§ Your objective: The lines to return run from the start of the material below through the line holding "Dormitor Regal cu", both included; please give them back exactly, minus the pictures.

§ Given material:
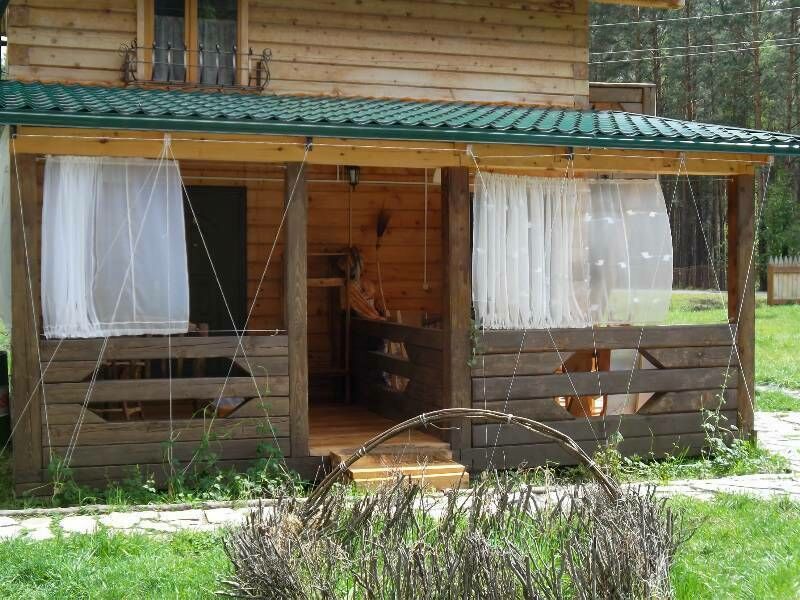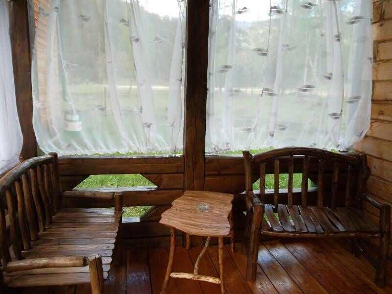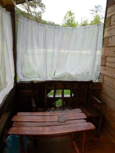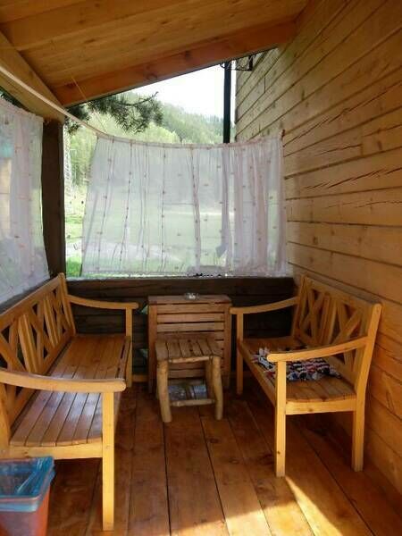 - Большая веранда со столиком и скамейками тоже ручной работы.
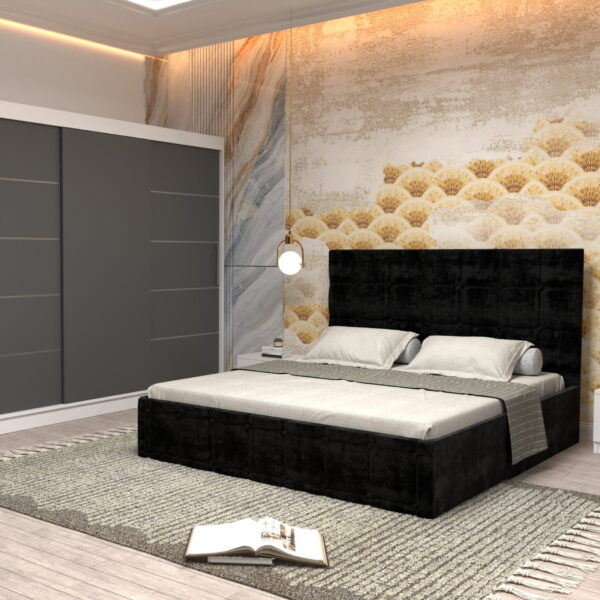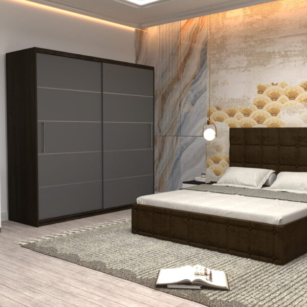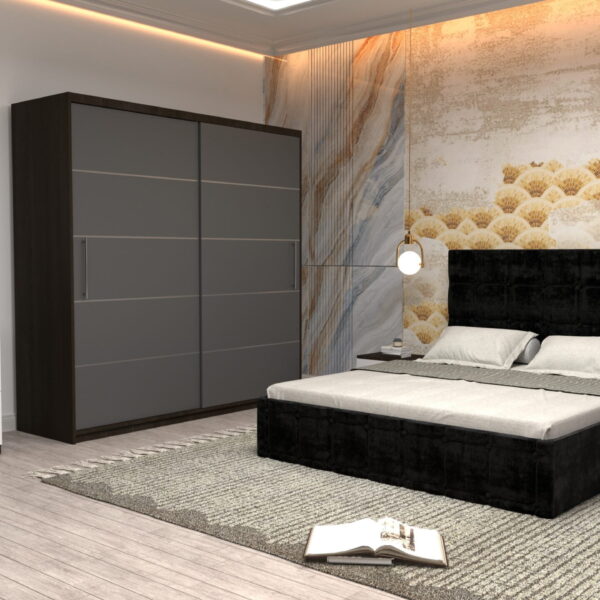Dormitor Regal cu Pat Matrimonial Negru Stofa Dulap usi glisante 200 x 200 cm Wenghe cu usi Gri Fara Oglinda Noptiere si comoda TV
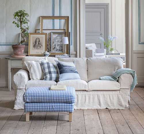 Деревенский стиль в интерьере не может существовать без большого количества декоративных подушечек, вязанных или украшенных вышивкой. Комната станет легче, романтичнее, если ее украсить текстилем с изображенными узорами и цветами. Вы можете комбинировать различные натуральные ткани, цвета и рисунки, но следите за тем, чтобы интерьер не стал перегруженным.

§ Task solution:
 - Большая веранда со столиком и скамейками тоже ручной работы.
Dormitor Regal cu Pat Matrimonial Negru Stofa Dulap usi glisante 200 x 200 cm Wenghe cu usi Gri Fara Oglinda Noptiere si comoda TV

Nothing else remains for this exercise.